From 79cb4e43e5435a63c21865eb7374d0e0dabc47f4 Mon Sep 17 00:00:00 2001
From: enkore <public@enkore.de>
Date: Sat, 27 Nov 2021 18:45:19 +0000
Subject: [PATCH 2/3] docs/data-structures: tie CDC back into dedup rationale

---
 docs/internals/data-structures.rst | 6 +++++-
 1 file changed, 5 insertions(+), 1 deletion(-)

diff --git a/docs/internals/data-structures.rst b/docs/internals/data-structures.rst
index bff045666..08b0b84d9 100644
--- a/docs/internals/data-structures.rst
+++ b/docs/internals/data-structures.rst
@@ -626,7 +626,11 @@ The idea of content-defined chunking is assigning every byte where a
 cut *could* be placed a hash. The hash is based on some number of bytes
 (the window size) before the byte in question. Chunks are cut
 where the hash satisfies some condition
-(usually "n numbers of trailing/leading zeroes").
+(usually "n numbers of trailing/leading zeroes"). This causes chunks to be cut
+in the same location relative to the file's contents, even if bytes are inserted
+or removed before/after a cut, as long as the bytes within the window stay the same.
+This results in a high chance that a single cluster of changes to a file will only
+result in 1-2 new chunks, aiding deduplication.
 
 Using normal hash functions this would be extremely slow,
 requiring hashing ``window size * file size`` bytes.

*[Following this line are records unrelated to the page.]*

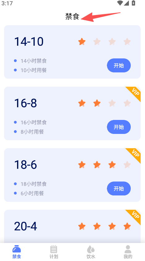 1、方案分级清晰,不同时段断食方案标注星级,难度一目了然,选择便捷。
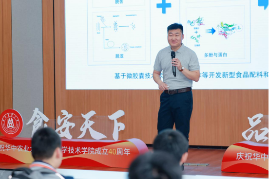 副教授李凯凯主讲。他从国家政策切入,解读多部门联合发布的体重管理指导原则,强调全民科学控重对降低慢性病风险的意义。他通过“面条与米饭的小鼠实验”揭示了不同饮食习惯带来的差异,并倡导饮食结构优化。针对高中生,他提出了“多样、均衡、适宜、卫生”的策略:保证主食供应葡萄糖,保证蛋白质摄入量充足,适当多吃新鲜的水果蔬菜和瓜子仁、花生米等不含不饱和脂肪酸的食物。从政策导向,到科学理论再到日常生活,他向同学们传授了如何在现代社会中通过合理的饮食结构和科学的减脂方法提升身体健康,提高生活质量,养成终身受益的良好饮食习惯。
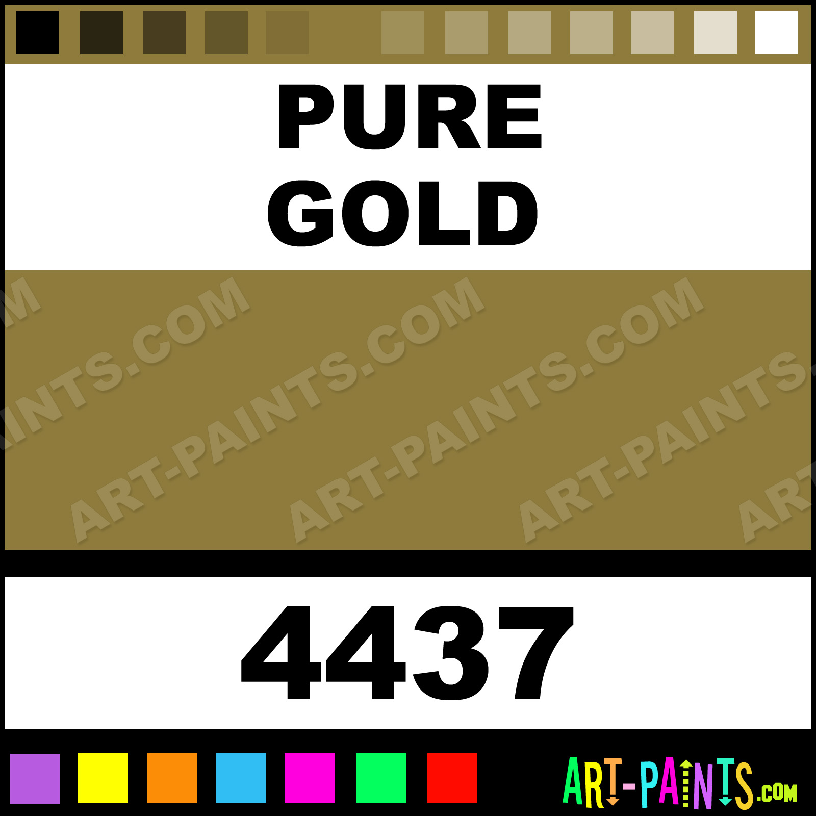 This beautiful Colors Fabric Textile shade is called Pure Gold, and comes from a company called FolkArt. Their product number, along with the HTML color code, RGB, and CMYK codes are listed below. This Beautiful Shade of Pure Gold and others can be found in the FolkArt Colors Art Paint Gallery! Also be sure to browse through the other wonderful Professional Color Galleries to see more of FolkArt Colors Fabric Textile Brand Paints and other Paint Manufacturers. And as always, Paint Paint Paint! -Art-Paints.com
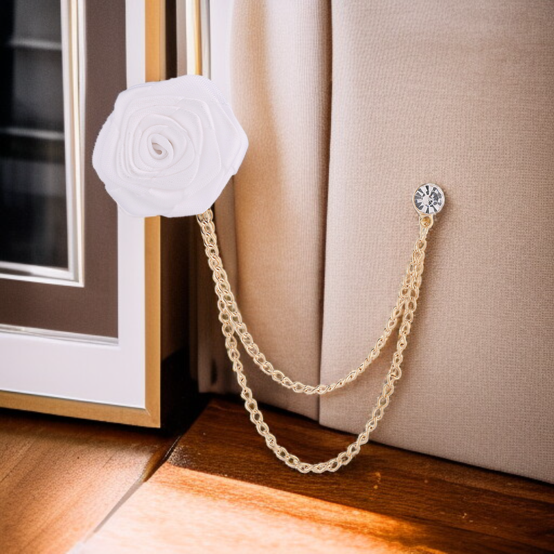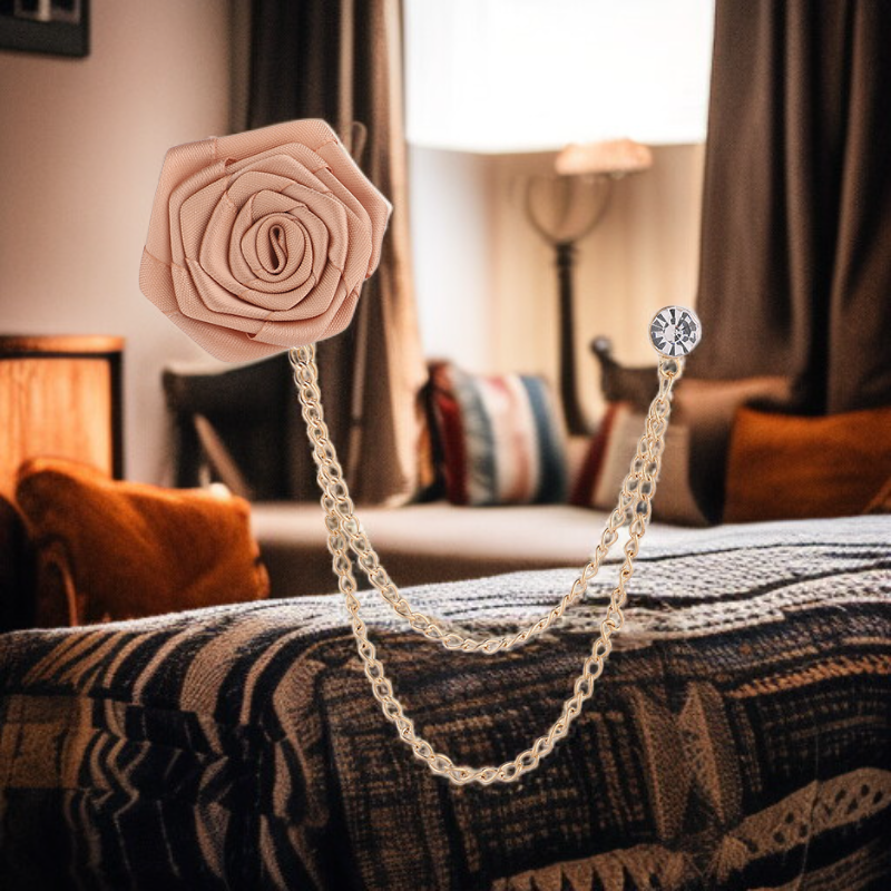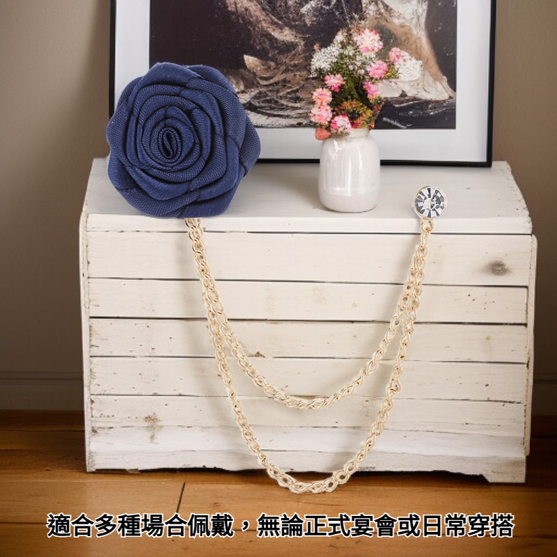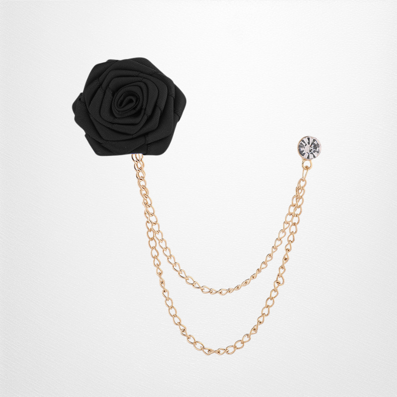 ● 黑色玫瑰花胸針設計,展現優雅神秘氣質,為西裝增添獨特時尚魅力,彰顯個人品味。
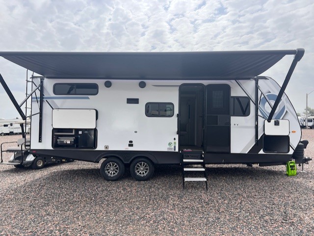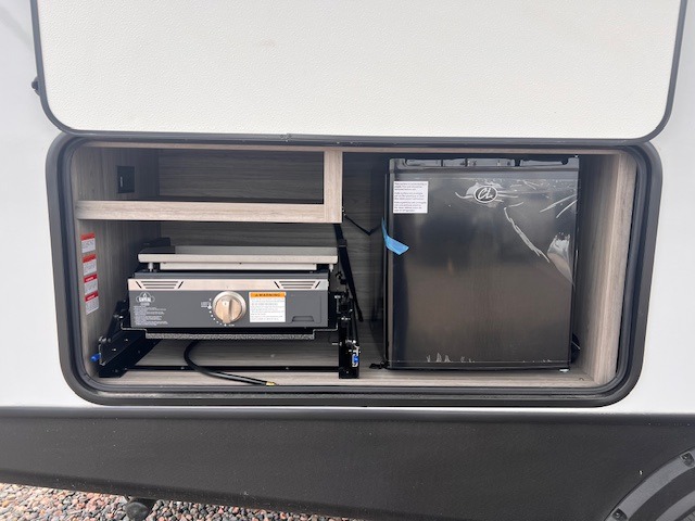 Trips to the lake with a larger group are made easy in this spacious travel trailer! The double-size bunks include a flip-up bunk for added storage, and there is a rear cargo door here so you can easily load gear from outside. The full bath is conveniently located right by the bunks for easy nighttime use, and the pantry is also close by if anyone needs a midnight snack! You will sleep like a baby in the front bedroom that includes a queen bed and dual wardrobes to keep your clothes tidy. In the morning, everyone can meet in the combined living area and kitchen while the chef makes breakfast on the three burner cooktop, and there is a U-shaped do-more dinette table to dine at. If the weather is nice, the chef just may want to cook on the outside kitchen, and everyone can sit at the picnic table under the 15' awning!

From 94e93ba7e6fef1fd0257c7e3f84539e3ed828e70 Mon Sep 17 00:00:00 2001
From: Thomas Waldmann <tw@waldmann-edv.de>
Date: Sun, 16 Jan 2022 20:39:29 +0100
Subject: [PATCH 3/3] formula is only approximately correct

the movement of the start of the hashing window stops at (file_size - window_size), thus THAT would be the factor in that formula, not just file_size.

for medium and big files, window_size is much smaller than file_size, so guess we can just say "approximately" for the general case.
---
 docs/internals/data-structures.rst | 2 +-
 1 file changed, 1 insertion(+), 1 deletion(-)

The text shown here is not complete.